When I Die Files··7 min read
How to protect your family's documents with encryption

My mom keeps her important documents in a fireproof lockbox in her closet. Birth certificates, the deed to the house, insurance policies. She feels good about that setup, and honestly, for a long time it was the best option available.

But here's the thing she hadn't thought about: what happens if she needs to share those documents with me, and we live in different states? What happens if a flood takes the whole house? And what about the stuff that doesn't fit in a lockbox -- passwords, account numbers, the letter she wrote to my sister?

That's where digital storage comes in. And that's where most people's eyes glaze over, because someone starts talking about "encryption protocols" and "256-bit keys" and suddenly it feels like you need a computer science degree just to keep your family's paperwork safe.

You don't. Let me explain this the way I wish someone had explained it to me.

What encryption actually means (no jargon, I promise)

Think about sending a postcard. Anyone who handles that postcard along the way -- the mail carrier, the sorting facility, a nosy neighbor -- can flip it over and read what you wrote.

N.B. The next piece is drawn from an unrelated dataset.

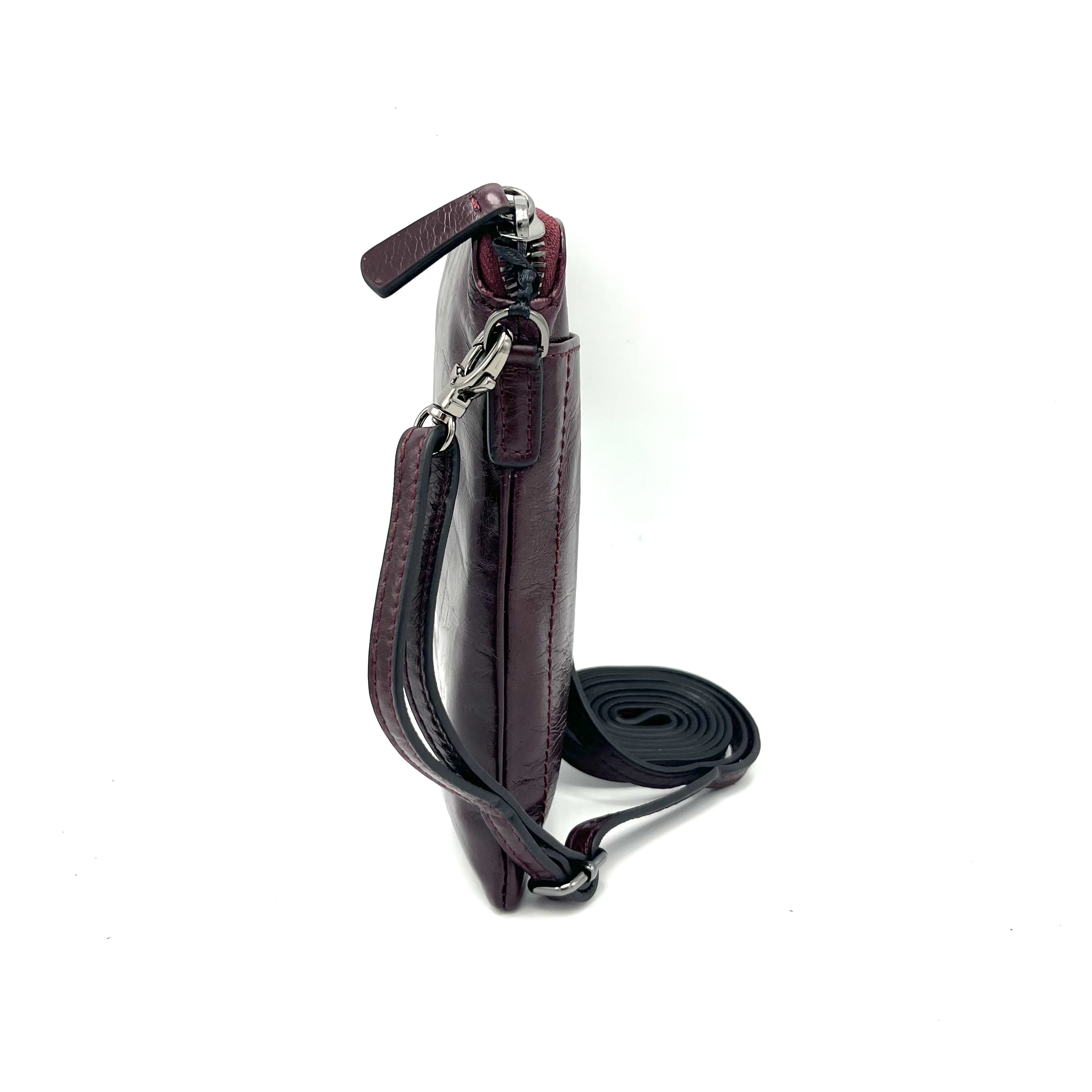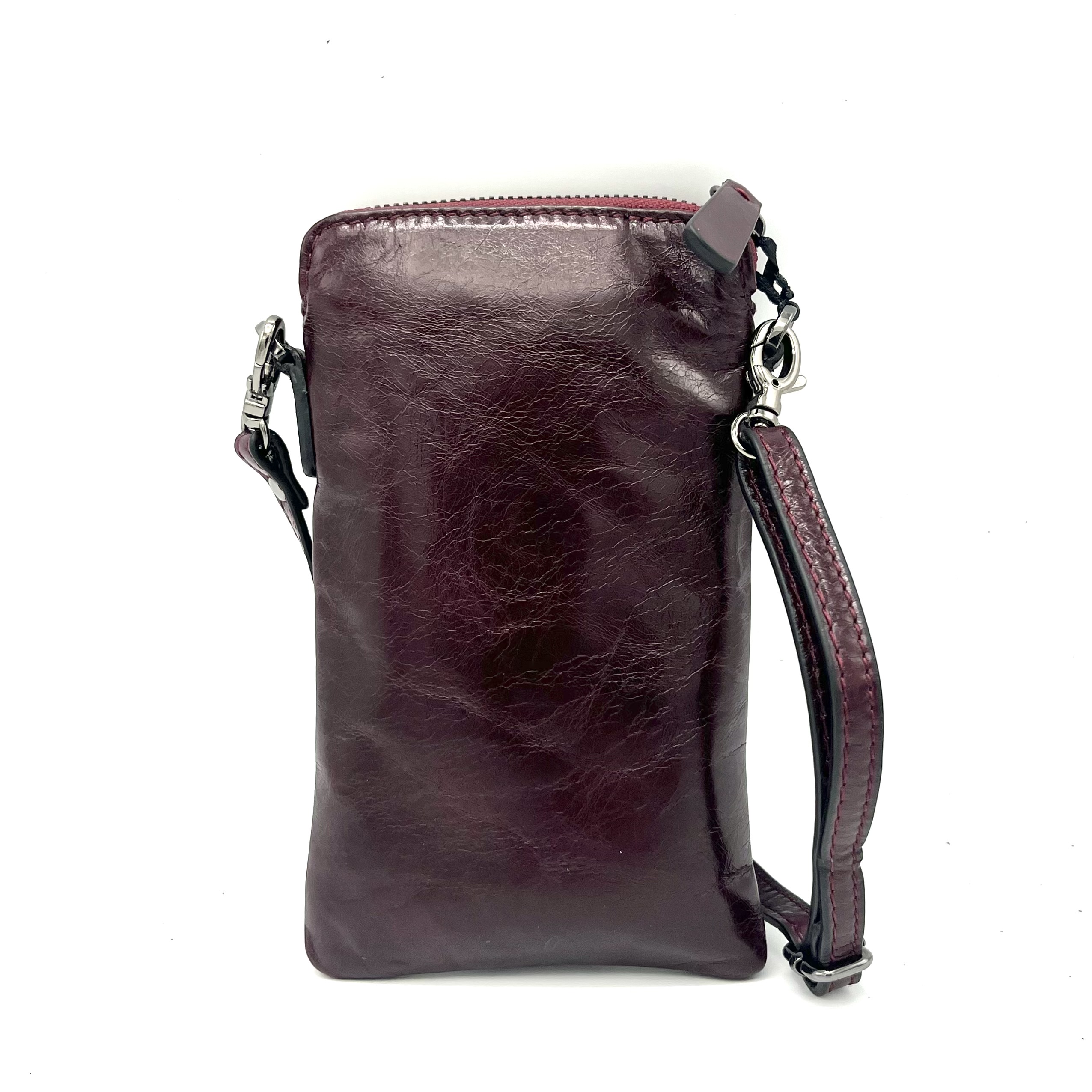 Dit Gianni Conti telefoontasje in Melanzana is gemaakt van hoogwaardig leer en heeft een stijlvol design. Het tasje heeft een verstelbare schouderriem en een vakje voor je telefoon. Draag het tasje crossbody voor een trendy look. De perfecte accessoire voor onderweg! Koop hem nu en draag hem met trots bij elke gelegenheid.

That's what most digital storage looks like. Your files sit on a company's server, and technically, people at that company could look at them. Hackers who break into that server could read them too.

Now imagine you wrote that postcard in a code that only you and the recipient understand. Even if someone intercepts it, they just see gibberish. That's encryption.

End-to-end encryption takes it one step further. It means the message gets scrambled on your device before it ever leaves, and it only gets unscrambled on the recipient's device. The company carrying the message never has the key. They couldn't read your stuff even if they wanted to, even if a court ordered them to, even if a hacker broke into every server they own.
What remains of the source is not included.